A conclusione di un dibattito con procedura d’urgenza
sulla situazione in Siria, l’Assemblea parlamentare del Consiglio d’Europa (APCE)
ha fermamente condannato le gravi violazioni dei diritti umani commesse dalle
forze militari e di sicurezza siriane. Ha altresì deplorato le persistenti
violazioni del cessate il fuoco previsto dal piano di pace di Kofi Annan e il
crescente numero di vittime. L’APCE ha inoltre condannato le violazioni dei
diritti umani da parte di alcuni gruppi armati che si oppongono al regime.

Al contempo, l’Assemblea ha espresso soddisfazione per “il progressivo emergere di
una posizione comune” della comunità internazionale, con l’adozione all’unanimità
di due risoluzioni delle Nazioni Unite, il 14 e 21 aprile 2012, che autorizzano il
dispiegamento in Siria di una missione di osservatori non armati dell’ONU per
monitorare il rispetto della totale cessazione della violenza armata. L’Assemblea
ha sottolineato che per oltre un anno la comunità internazionale, su cui pesa una
grave responsabilità, è stata incapace di concordare un’azione riguardante la
Siria (con il veto posto da Russia e Cina a due progetti di risoluzione delle
Nazioni Unite nell’ottobre 2011 e nel marzo 2012).

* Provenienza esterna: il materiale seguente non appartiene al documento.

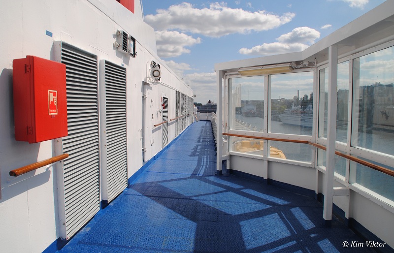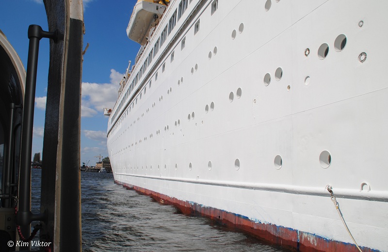 Drottningen visar upp sin vackra sida, fast vacker är hon egentligen inte. De där däcken ovanför bryggan skulle behövas tas bort. 😉
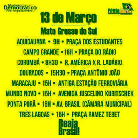Em Três Lagoas, os lideres locais do movimento estão convocando a população a comparecer na praça Ramez Tebet a partir das 15h.
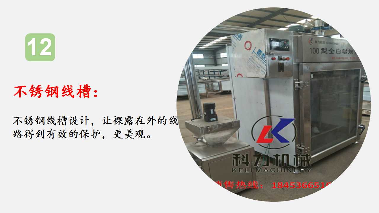 獨(dú)立煙道:保證爐內(nèi)產(chǎn)品上下溫度一致、煙熏色澤一致。
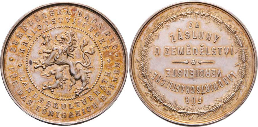 Šmakal - Zemědělská rada pro Království české b.l. - český lev, dvojitý opis / česko-němec. nápis ve věnci Sign., Ag800, 42mm, 23.895g, jako ŠFP.6b, hr., etue
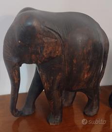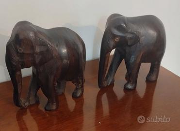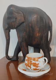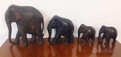 Set di quattro elefanti indiani intagliati a mano vintage, con dimensioni a scalare. Tazzine da caffè inserite in foto per idea proporzioni. Altezze in cm: 21, 15, 11.5, 11.
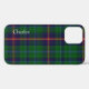 Stylish iPhone 12 case done in a colorful blue, green, yellow, and red traditional Scottish tartan plaid of the Young clan. White text running vertical, on the left side, is ready to personalize. Stylish and great way to protect your electronic device, and makes a great gift idea.
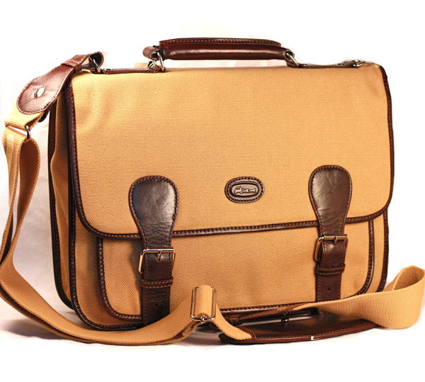 For something a bit trendier, check out Hansson's stylish business bag, which is trimmed with brown bull hide leather. The thick canvas bag is lined in plaid, offers numerous storage options and comes with a fabric and leather shoulder strap.
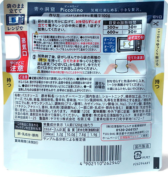 ★まとめ買い★ 日清製粉ウェルナ 青の洞窟ピッコリーのスモークチーズのカルボナーラ 120g ×10個【イージャパンモール】
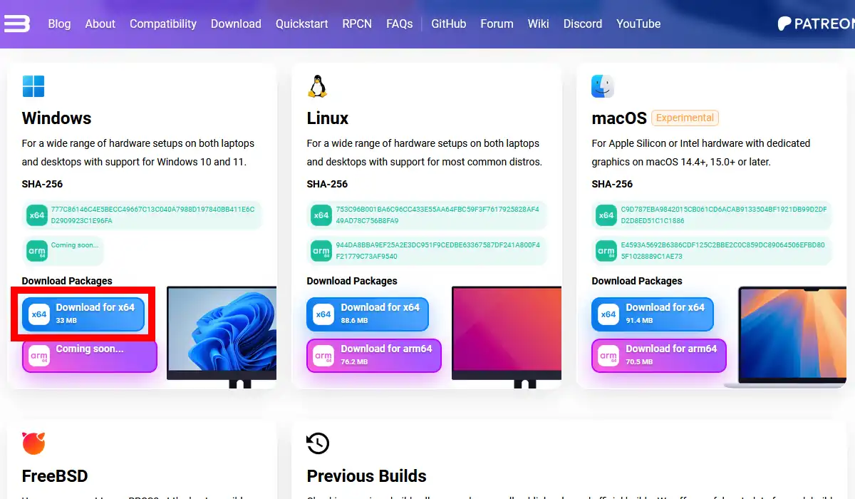 対応OSはWindows 11/10の他、Linux、macOS、FreeBSD用が開発、配布されています。Windowsの場合は別途Visual C++ 2019 x64が必要ですが、殆どの環境では既にインストールされている筈です。また、エミュレータの使用や自身が所有するゲームソフトの複製を行い個人利用するのは違法ではありませんが、無断で複製されたゲームソフトをダウンロードするのは違法となります。
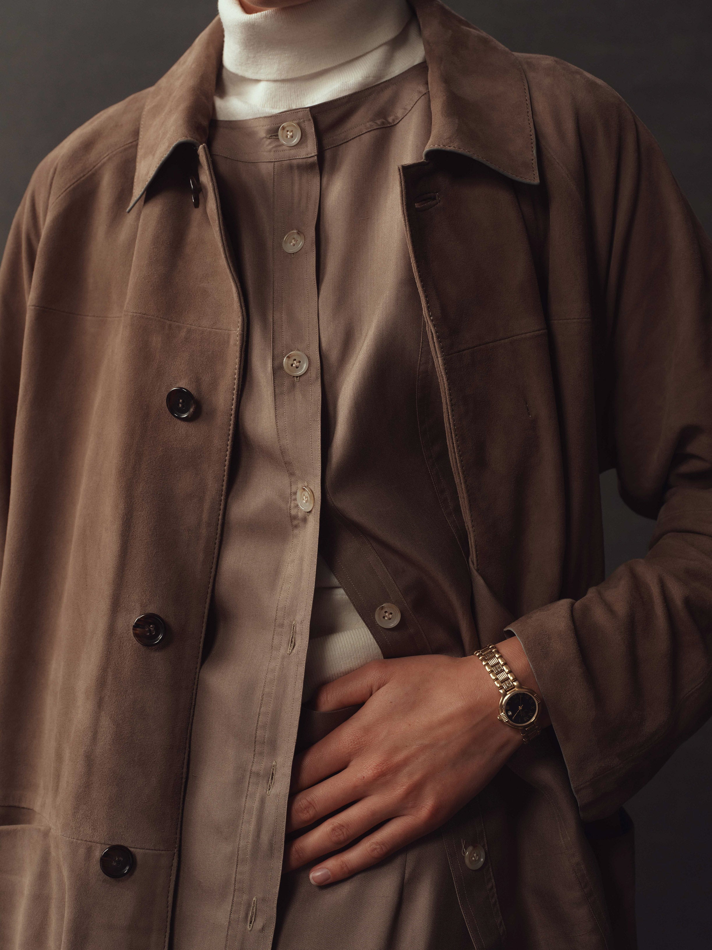 Our dupioni is a looser network open-weave type, creating a more dynamic drape and great ventilation. As a result we can employ the fabric across many types of garment. It is simply glorious to wear and has become a P Johnson staple. It is strangely versatile for silk, particularly elevated when needed and yet necessarily routine at the same time.
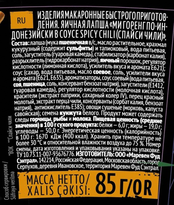 Лапша мука пшеничная, масло растительное, крахмал кукурузный содержит сульфиты и тапиоковый, вода питьевая, соль, загуститель гуаровая камедь, стабилизатор карбонат калия, разрыхлитель гидрокарбонат натрия, яичный порошок, регулятор кислотности лимонная кислота, усилитель вкуса и аромата Е621; соус сахар, вода питьевая, масло соевое, соль, усилители вкуса и аромата Е621, Е635, ароматизаторы, соус соевый вода питьевая, соя, пшеница, соль, консервант бензоат натрия, загустители Е1412, гуаровая камедь, регулятор кислотности молочная кислота, красители экстракт паприки, сахарный колер IV, перец красный молотый, экстракт перца чили, консерванты сорбат калия, бензоат натрия, антиокислитель Е385; овощи сушёные морковь, капуста савойская; семена кунжута белого.
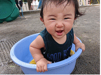 いつもと違う環境の中、水に入ることに抵抗があるかと思いきや、少し足に水がつくとすぐにぱちゃぱちゃと足を動かして感触を楽しみ始めてあそびだしました。タライに座っても手足をつかって水を堪能したきなりくん。時にはタライの淵をつかんで体をあげようとしたり、タライの外に出来た水たまり目がけて手を伸ばそうとしたりと周りのものにも興味津々のようでした。

I parlamentari hanno inoltre precisato che l’applicazione del piano di pace
proposto da Kofi Annan e la totale cessazione delle violenze dovrebbero garantire
nel tempo la trasformazione democratica in Siria, creare progressivamente le
condizioni favorevoli per “la messa in opera di un processo politico, diretto dai
siriani”, e, nel breve periodo, condurre allo svolgimento di elezioni libere ed
eque.

D’altro canto, seguendo le conclusioni del relatore sulla questione, l’on. Pietro
Marcenaro (Italia, SOC), l’APCE ha invitato i gruppi siriani di opposizione a
“unirsi, per presentarsi come alternativa legittima, che offra a tutti i siriani,
indipendentemente dall’origine etnica, la cultura o la religione, la prospettiva
di una Siria democratica e pluralista”. L’Assemblea ritiene che l’effettivo
rispetto dei diritti umani e delle minoranze sia la condizione preliminare
indispensabile per l’unificazione e il rafforzamento delle forze di opposizione.